(Stored items from a collection)
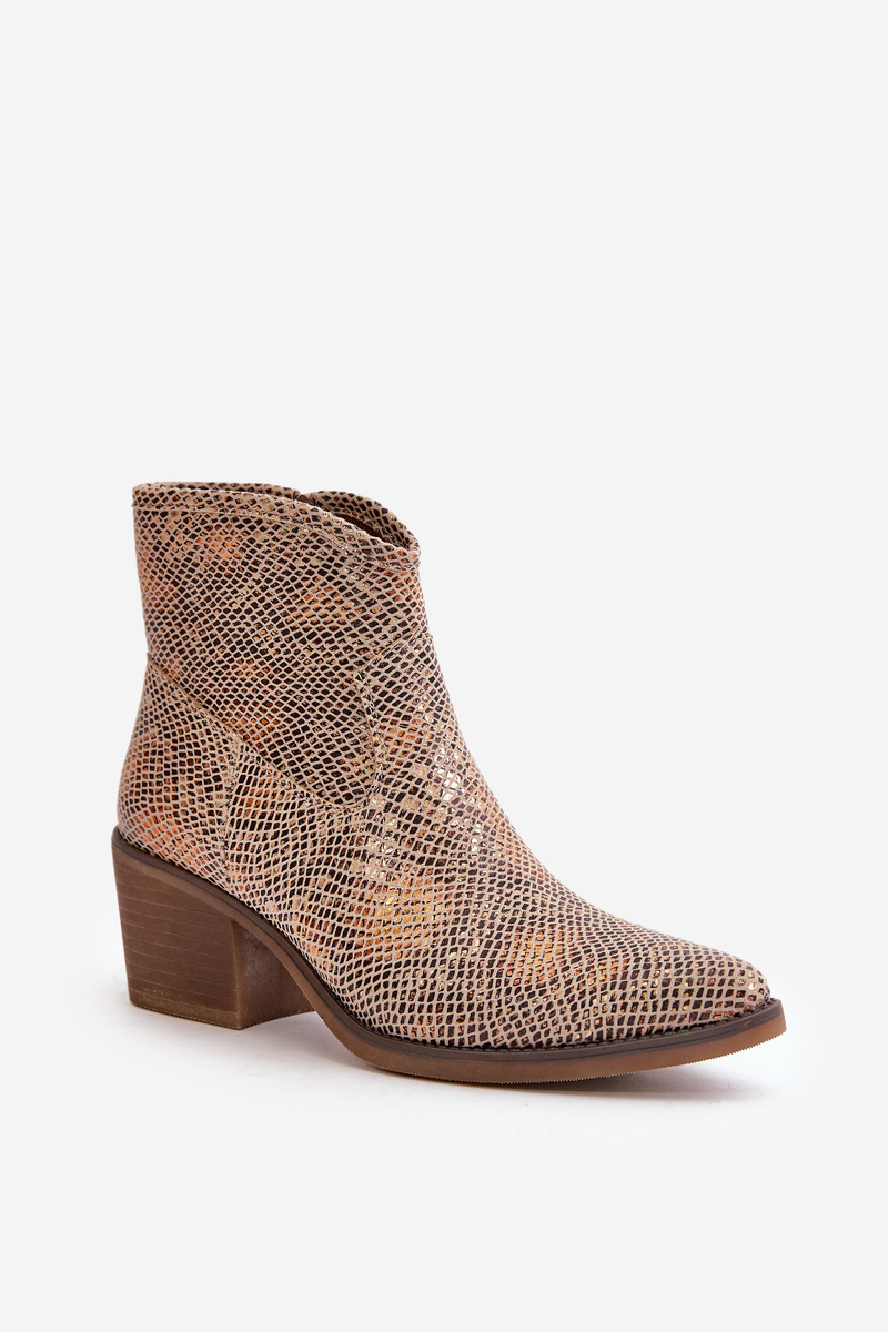 Women's Cowboy Boots With Zipper Animal Print Gold Merisine
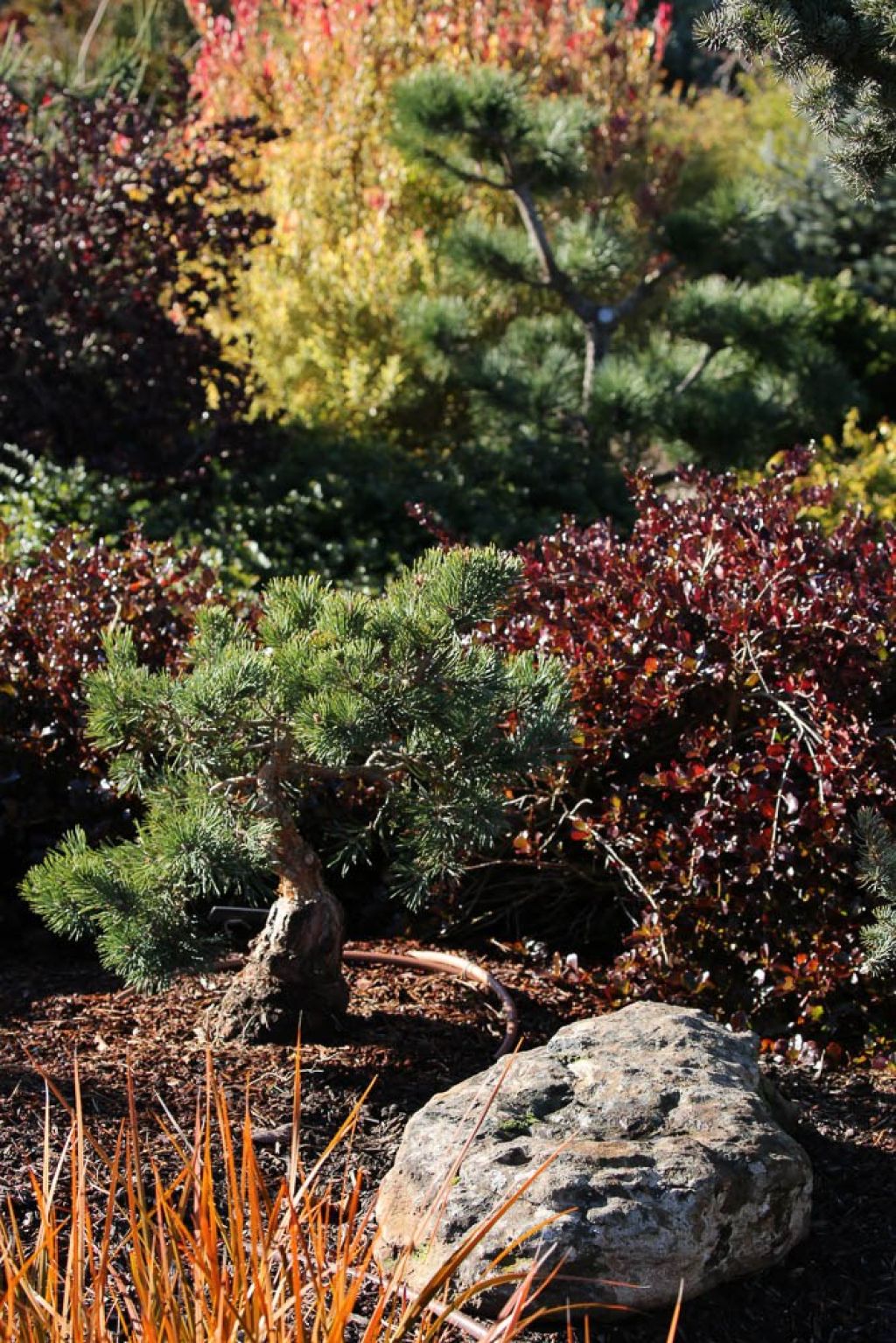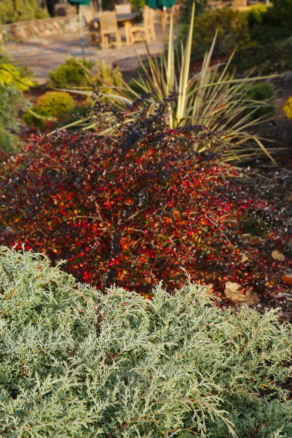 The shiny purple-burgundy foliage of the mirror plant, Coprosma, would certainly do the job. ‘Red Jewel’ barberry’s brighter, glossy foliage also caught our eye:
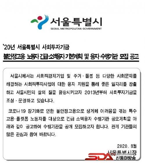 À̸¦ À§ÇØ ¼­¿ï½Ã´Â ¿À´Â 24ÀÏ(¿ù)±îÁö¡¸ºÒ¾ÈÁ¤°í¿ë ³ëµ¿ÀÚ ±ä±Þ ¼Ò¾×À¶ÀÚ ¼öÇà±â°ü¡¹À» ¸ðÁýÇÑ´Ù°í ¹àÇû´Ù. ¼öÇà±â°ü ¸ðÁý °ü·Ã ÀÚ¼¼ÇÑ »çÇ×Àº ¼­¿ï½Ã ȨÆäÀÌÁö¿¡¼­ È®ÀÎÇÒ ¼ö ÀÖ´Ù.
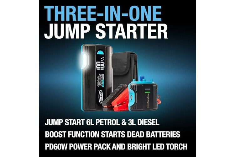 WHAT SIZE BOOSTER DO I NEED? There are three Ultra Boost choices. The 500 Amp jump starter safely starts up to 3L petrol and 1.5L diesel engines. The 1,000 Amp jump starter starts up to 5L petrol and 2L diesel engines. The 1,500 Amp jump is suitable for up to 6L petrol and 3L diesel cars. All are safe for petrol, diesel and hybrid cars and they all work with cars using stop start technology – our supplied easy-reach cables and large clamps make the charger ideal even for large car and van batteries.
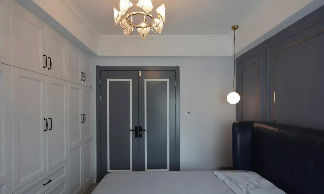 卧室门采用加高木门,***与整体灰蓝色相呼应,主卧室双开木门更加大气
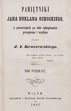 - ↑ J. D. Ochocki, Pamiętniki Jana Duklana Ochockiego, t. I-IV, Wilno 1857.
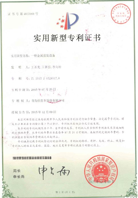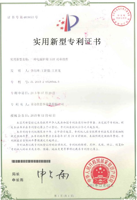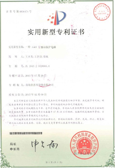 青島佳恩半導體有限公司小波實用新型專利證書已到位,大批專利證書正在路上!
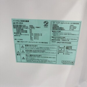 今回査定した商品はHaier ノンフロン冷凍冷蔵庫 BR-85A(2025年製)です。容量85Lのコンパクトタイプで、一人暮らしやサブ冷蔵庫として人気のあるモデルとなっています。
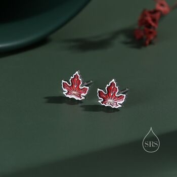 Showcase autumnal elegance with Enamel Maple Leaf Stud Earrings in Sterling Silver, beautifully detailed with vibrant enamel for a striking, seasonal accessory.
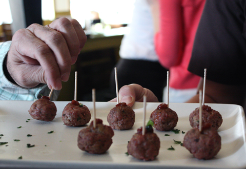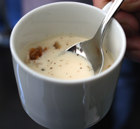 All the while, servers offered miniature tastes of some of the recipes from the book, including cream of cauliflower soup, toasted brioche dolloped with fig-balsamic jam, and sauteed shrimp with garlic.
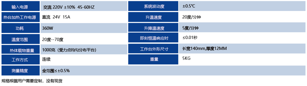 加热台由精密温度控制仪和载物恒温工作台二部分组成,二者由一大功率铜针镀镍金属插口导线连接, 载物恒温工作台置于光学或电子显微镜载物台上。特别适用配合偏光显微镜构成偏光熔点测量系统。
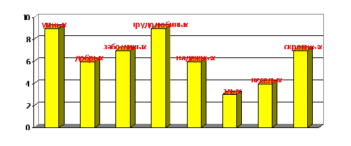 На основе этих ответов, мы увидели, что в классе больше всего детей умных, трудолюбивых, заботливых и скромных. Таким образом, наш автопортрет в 5 классе получился таким:
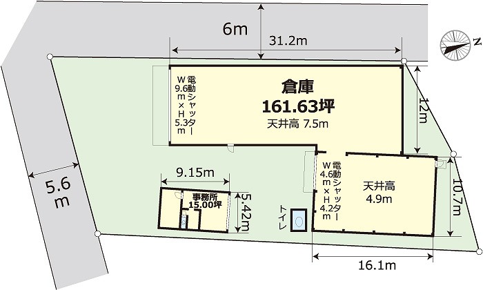 | 備考 | 電動シャッター2ヶ所(W9.6m×H5.3m、H4.6m×H4.2m) クレーン3基(2.8t) トイレ2ヵ所 天井高:4.9m~7.5m 武蔵野線「越谷レイクタウン駅」徒歩15分 東京外環自動車道「外環三郷IC」5.0km |
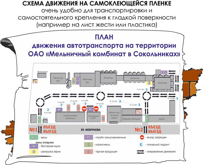 Схема движения автотранспорта (1500х1000 мм, самоклеящаяся плёнка) в Ачинске купить
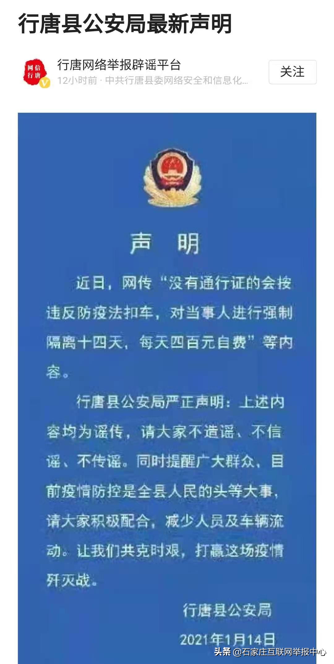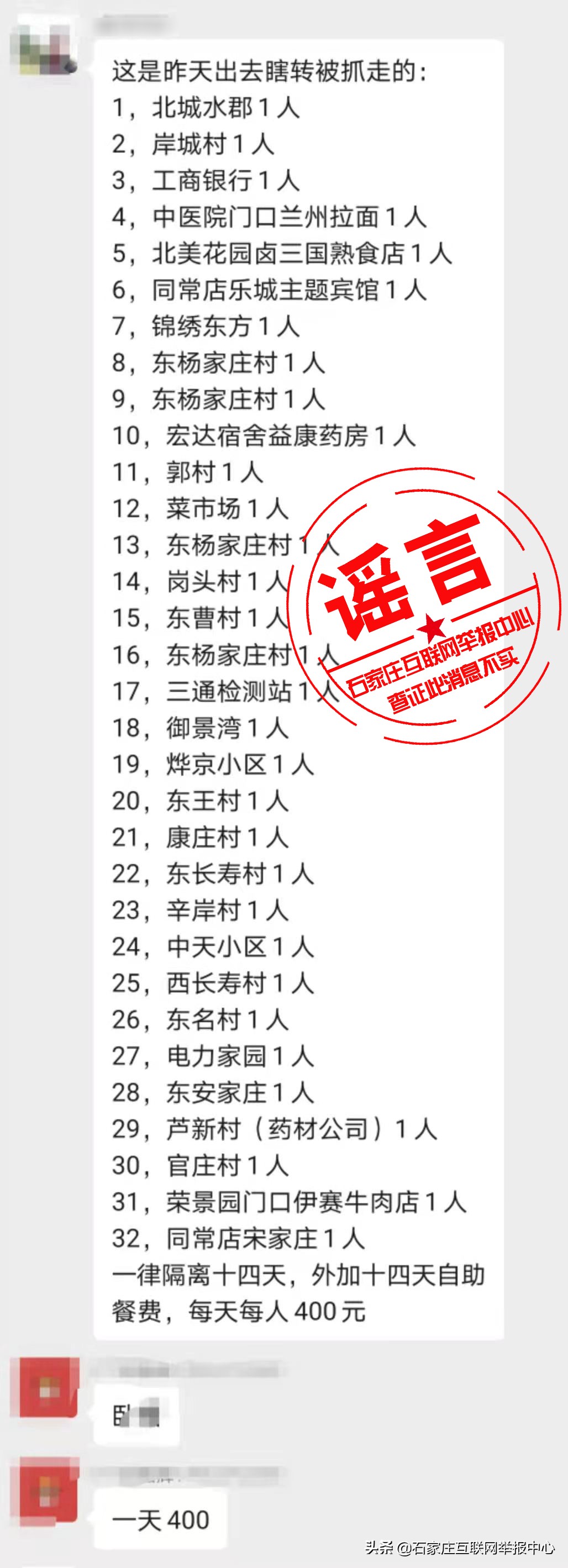 近日,微信群、朋友圈流传着一则石家庄某地“出去瞎转的一律被抓走,隔离十四天,每天每人四百元”的消息。石家庄互联网举报中心根据消息显示的村庄和小区,向新乐市相关部门核实,证实该消息为谣言。据检索,此前网传谣言还有“交警上路查车,无通行证的扣车、隔离十四天”等版本,石家庄市平山县、行唐县等多地已辟谣。
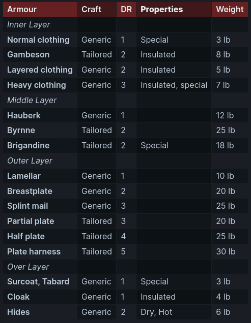 Up until writing this article, and chasing this idea from the beginning and going over points and facts and ideas I have had sporadically over the years, I had not yet fully solved this system. I have had a set of layered armour ready for the equipment section, but I had not yet figured out how to fix the Defense issue. I guess it took this article in order for me to get there, and wow, it feels awesome.
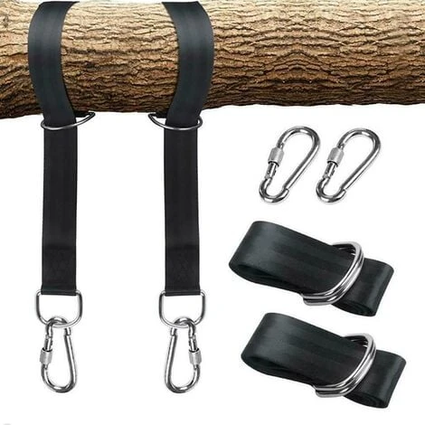 Made of high-grade stainless steel rings and carabiners., very strong and safe. Each strap holds up to 120 kg. Our popular and affordable hammock hanging kit is designed to be strong and safe.
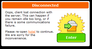 Lol, I got that after about 5 minutes of not doing anything, and then I got back on and took some screenies for some things and after that I left Habbo on (not purposely) and it stayed on for like over an hour and didn't disconnect me.![]()

● PROMPT
From the records above, output only the lines starting at the one containing "卧室门采用加高木门,***与整体灰蓝色相呼应,主卧室双开木门更加大气" and ending at the one containing "All the while, servers", word for word. Pictures stay out.

● WRITTEN REPLY
 卧室门采用加高木门,***与整体灰蓝色相呼应,主卧室双开木门更加大气
 - ↑ J. D. Ochocki, Pamiętniki Jana Duklana Ochockiego, t. I-IV, Wilno 1857.
 青島佳恩半導體有限公司小波實用新型專利證書已到位,大批專利證書正在路上!
 今回査定した商品はHaier ノンフロン冷凍冷蔵庫 BR-85A(2025年製)です。容量85Lのコンパクトタイプで、一人暮らしやサブ冷蔵庫として人気のあるモデルとなっています。
 Showcase autumnal elegance with Enamel Maple Leaf Stud Earrings in Sterling Silver, beautifully detailed with vibrant enamel for a striking, seasonal accessory.
 All the while, servers offered miniature tastes of some of the recipes from the book, including cream of cauliflower soup, toasted brioche dolloped with fig-balsamic jam, and sauteed shrimp with garlic.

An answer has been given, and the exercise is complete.